WORK REQUEST — The required answer is the data below, restated word for word with images omitted.

──────── DATASET ENTRIES

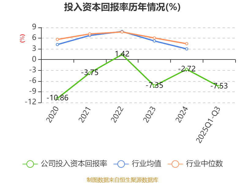 盈利能力方面, 2025年前三季度公司加权平均净资产收益率为-9.05%,同比下降6.5个百分点。公司2025年前三季度投入资本回报率为-7.53%,较上年同期下降5.57个百分点。
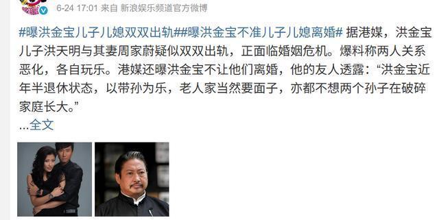 他这几年唯一的槽点还是在儿子的婚姻上,儿子洪天明的婚姻老是被传婚变,不过在他的强烈要求下,这段婚姻也是有惊无险的维持下去了。
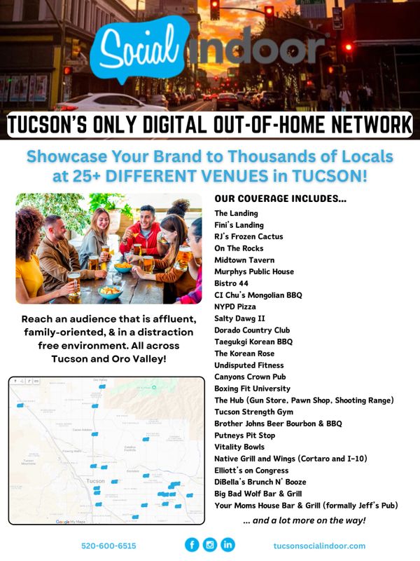 At Tucson Social Indoor, we started as a small business just like you. We understand the challenges of running a small business and we are passionate about helping others succeed. That's why we started this company, to help other small businesses thrive. For over thirty years, our team has been providing a captive audience through indoor advertising, reaching and impacting consumers. Our digital boards are strategically placed in high visibility, distraction-free areas. Creating awareness, and weaving messages for your brand in a natural and memorable way. Digital Indoor Advertising is an imperative complement to your marketing strategy. What audience can we help your business reach today?
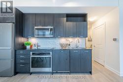 Welcome to The Mackenzie, where luxury living meets unparalleled convenience! This 1-bedroom, 1-den, and 2-bathroom unit redefines urban living with seamless connectivity. Commuting is a breeze with easy access to The Maple GO Station and Vaughan Metropolitan Centre, whisking you to downtown Toronto in just 45 minutes. Proximity to highways 400, 401, and 407 ensures a quick route to Pearson.Step inside this meticulously crafted unit featuring smooth finished ceilings and 7 1/2"-wide laminate flooring that elegantly extends through the living room, dining room, den, bedroom, hall, and foyer. Sliding closet doors and contemporary interior doors with chrome lever hardware add a touch of sophistication. Revel in the airy ambiance with 9' floor-to-ceiling heights. Enjoy the modern amenities of manual roller shade and pre-wired telephone units. (id:27)
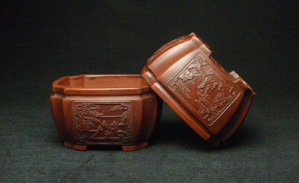 【進口紫砂盆】摹古 红清水泥 -古城圖 - 束口切角方盆07 03
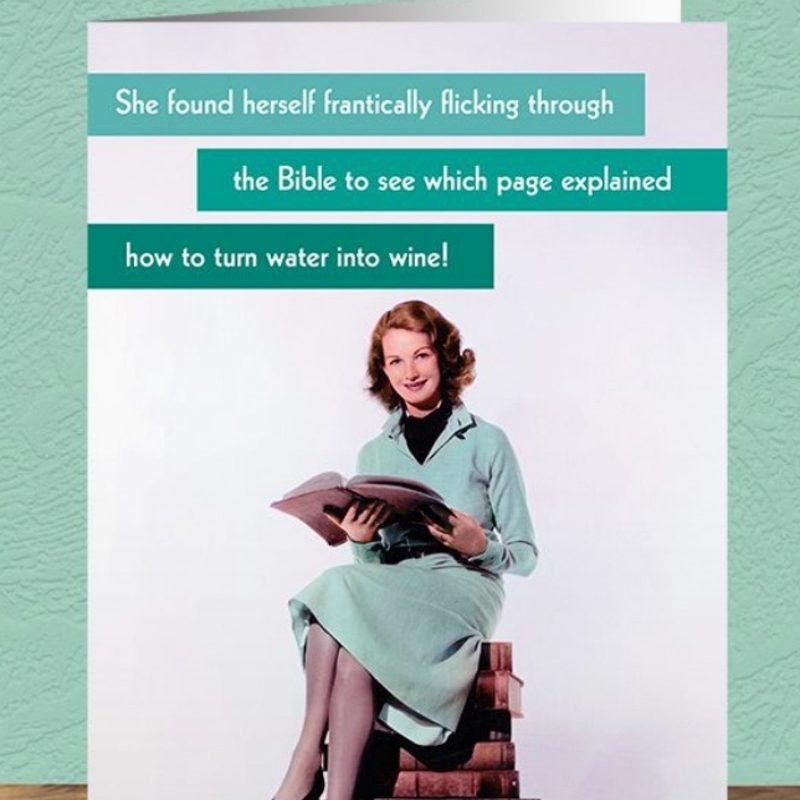 She found herself frantically flicking through Bible to see which page explained how to turn water into wine
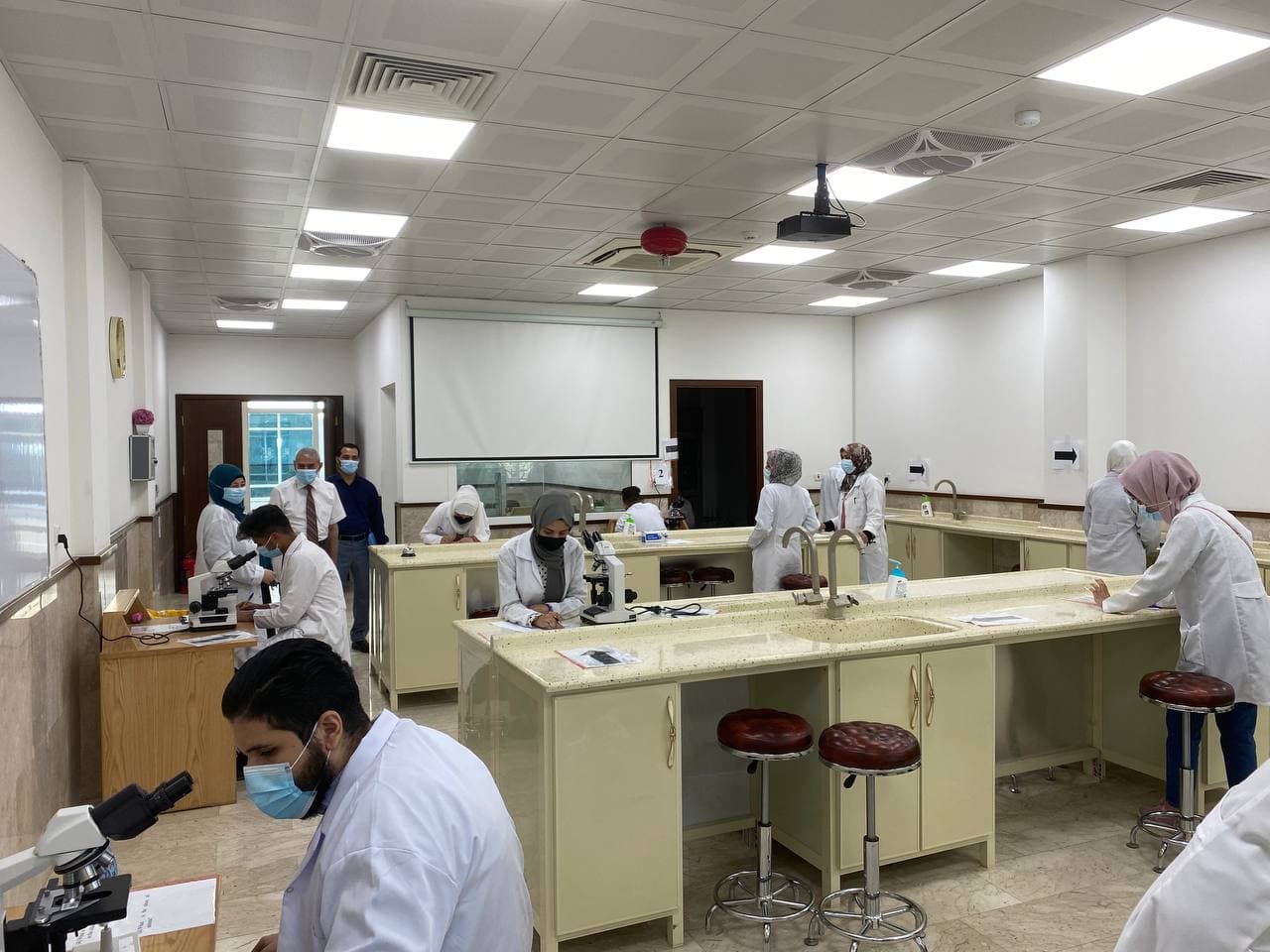 يواصلُ طلبة كلية الطب في جامعة وارث الأنبياء (عليه السلام) الامتحانات العملية، بإشراف السيد العميد الأستاذ الدكتور فالح البياتي المحترم و أساتذة وتدريسيي المواد العلمية في الكلية، مع الالتزام بتوجيهات خلية الأزمة بخصوص التباعد الاجتماعي وارتداء الكمامات. و زيارة  اللجنة الوزارية الخاصة بمتابعة الامتحانات النهائية  والمؤلفة من عدد من استاذة جامعة كربلاء برئاسة السيد رئيس جامعة كربلاء الاستاذ الدكتور باسم خليل السعيدي المحترم  كلية الطب جامعة وارث الانبياء (ع) لمتابعة الامتحانات الحضورية في الكلية.
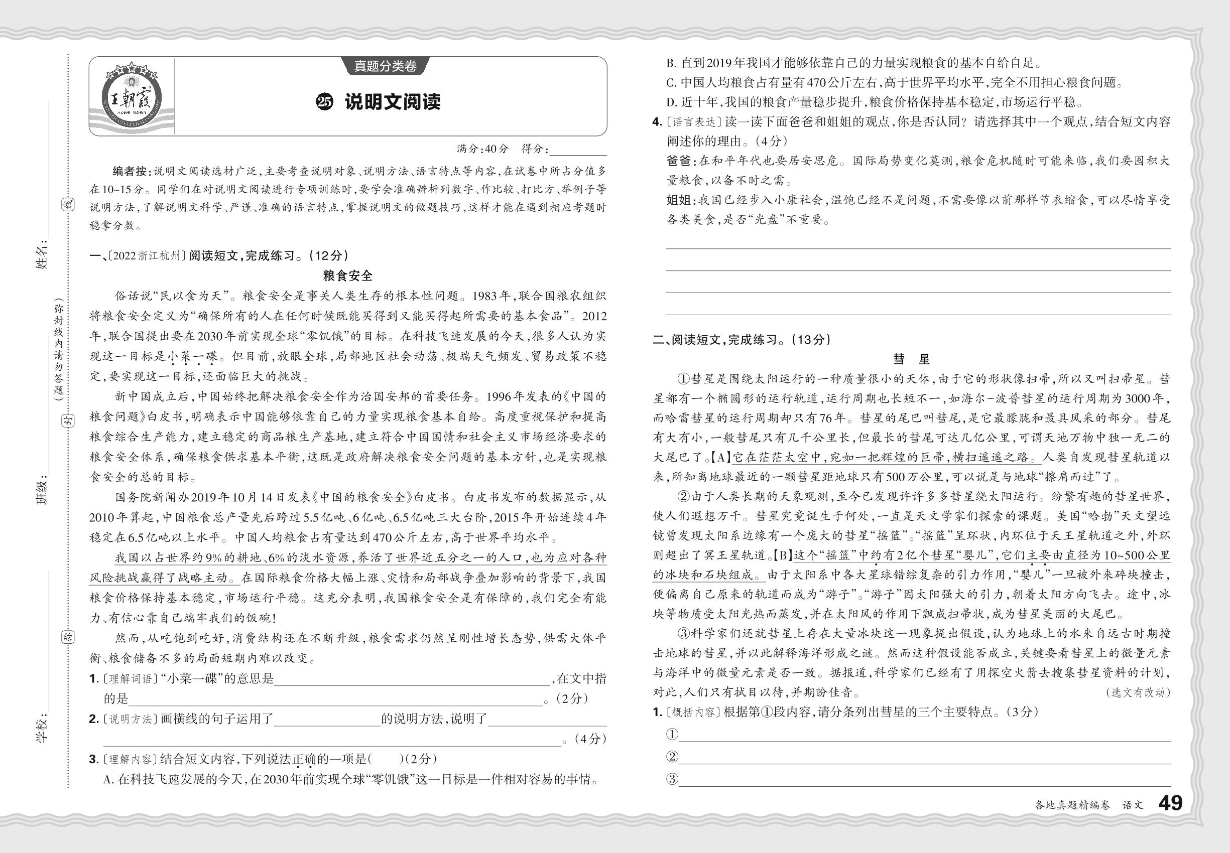小升初语文·2024年真题分类卷——说明文阅读【25】
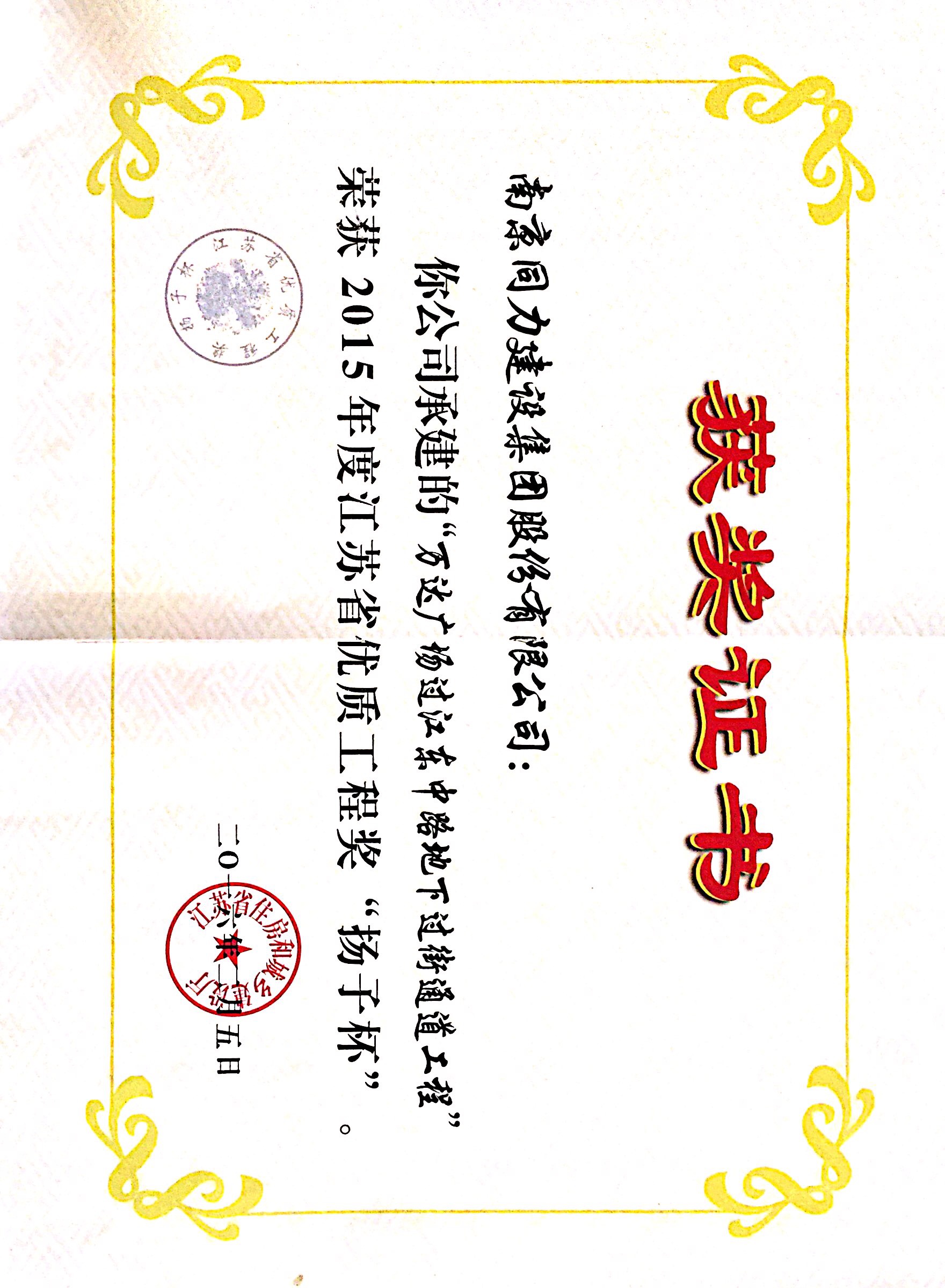 公司被評(píng)為“2015年度南京市城市建設(shè)立...
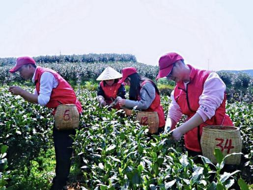 图为“香溢”志愿者助农采茶
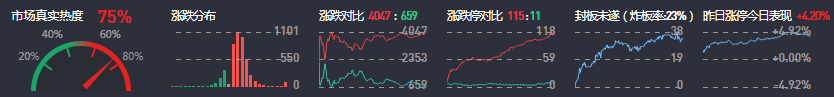 3、两市共4047只个股上涨,115只个股涨停,659只个股下跌,11只个股跌停,31只股票炸板,炸板率23%。
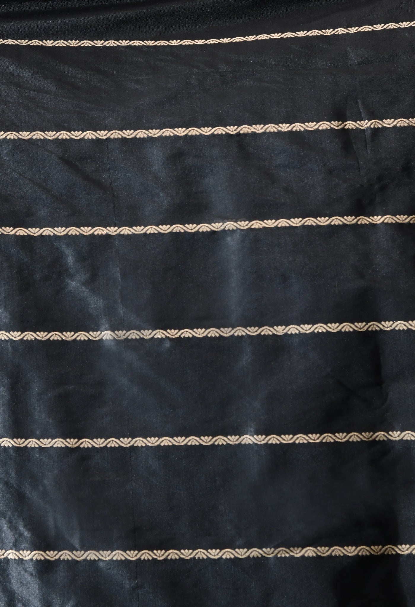 Welcome to The Weavers Shop by Raavi, where tradition meets elegance. Our Pure Katan Silk black Saree, meticulously handwoven with double Zari work, is a true masterpiece of heritage, luxury, and craftsmanship. Revered for its opulence, this saree takes 15 days to create, reflecting the unmatched skill and dedication of artisans who pour their heart and soul into every thread.
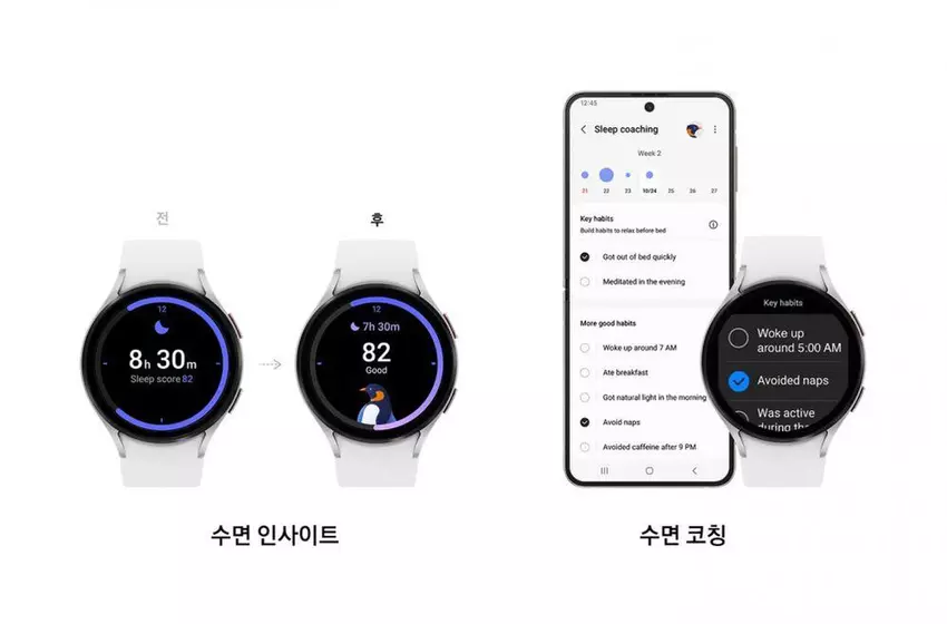 Powłoka została nazwana One UI 5 Watch. Według Samsunga, deweloperzy skupili się na poprawie trzech aspektów systemu: snu, funkcji sportowych i bezpieczeństwa. Na przykład Samsung zaktualizował swoją autorską aplikację do śledzenia snu i dodał Sleep Coaching, aby budować zdrowe nawyki.

────────────────

TASK RESPONSE —
 盈利能力方面, 2025年前三季度公司加权平均净资产收益率为-9.05%,同比下降6.5个百分点。公司2025年前三季度投入资本回报率为-7.53%,较上年同期下降5.57个百分点。
 他这几年唯一的槽点还是在儿子的婚姻上,儿子洪天明的婚姻老是被传婚变,不过在他的强烈要求下,这段婚姻也是有惊无险的维持下去了。
 At Tucson Social Indoor, we started as a small business just like you. We understand the challenges of running a small business and we are passionate about helping others succeed. That's why we started this company, to help other small businesses thrive. For over thirty years, our team has been providing a captive audience through indoor advertising, reaching and impacting consumers. Our digital boards are strategically placed in high visibility, distraction-free areas. Creating awareness, and weaving messages for your brand in a natural and memorable way. Digital Indoor Advertising is an imperative complement to your marketing strategy. What audience can we help your business reach today?
 Welcome to The Mackenzie, where luxury living meets unparalleled convenience! This 1-bedroom, 1-den, and 2-bathroom unit redefines urban living with seamless connectivity. Commuting is a breeze with easy access to The Maple GO Station and Vaughan Metropolitan Centre, whisking you to downtown Toronto in just 45 minutes. Proximity to highways 400, 401, and 407 ensures a quick route to Pearson.Step inside this meticulously crafted unit featuring smooth finished ceilings and 7 1/2"-wide laminate flooring that elegantly extends through the living room, dining room, den, bedroom, hall, and foyer. Sliding closet doors and contemporary interior doors with chrome lever hardware add a touch of sophistication. Revel in the airy ambiance with 9' floor-to-ceiling heights. Enjoy the modern amenities of manual roller shade and pre-wired telephone units. (id:27)
 【進口紫砂盆】摹古 红清水泥 -古城圖 - 束口切角方盆07 03
 She found herself frantically flicking through Bible to see which page explained how to turn water into wine
 يواصلُ طلبة كلية الطب في جامعة وارث الأنبياء (عليه السلام) الامتحانات العملية، بإشراف السيد العميد الأستاذ الدكتور فالح البياتي المحترم و أساتذة وتدريسيي المواد العلمية في الكلية، مع الالتزام بتوجيهات خلية الأزمة بخصوص التباعد الاجتماعي وارتداء الكمامات. و زيارة  اللجنة الوزارية الخاصة بمتابعة الامتحانات النهائية  والمؤلفة من عدد من استاذة جامعة كربلاء برئاسة السيد رئيس جامعة كربلاء الاستاذ الدكتور باسم خليل السعيدي المحترم  كلية الطب جامعة وارث الانبياء (ع) لمتابعة الامتحانات الحضورية في الكلية.
小升初语文·2024年真题分类卷——说明文阅读【25】
 公司被評(píng)為“2015年度南京市城市建設(shè)立...
 图为“香溢”志愿者助农采茶
 3、两市共4047只个股上涨,115只个股涨停,659只个股下跌,11只个股跌停,31只股票炸板,炸板率23%。
 Welcome to The Weavers Shop by Raavi, where tradition meets elegance. Our Pure Katan Silk black Saree, meticulously handwoven with double Zari work, is a true masterpiece of heritage, luxury, and craftsmanship. Revered for its opulence, this saree takes 15 days to create, reflecting the unmatched skill and dedication of artisans who pour their heart and soul into every thread.
 Powłoka została nazwana One UI 5 Watch. Według Samsunga, deweloperzy skupili się na poprawie trzech aspektów systemu: snu, funkcji sportowych i bezpieczeństwa. Na przykład Samsung zaktualizował swoją autorską aplikację do śledzenia snu i dodał Sleep Coaching, aby budować zdrowe nawyki.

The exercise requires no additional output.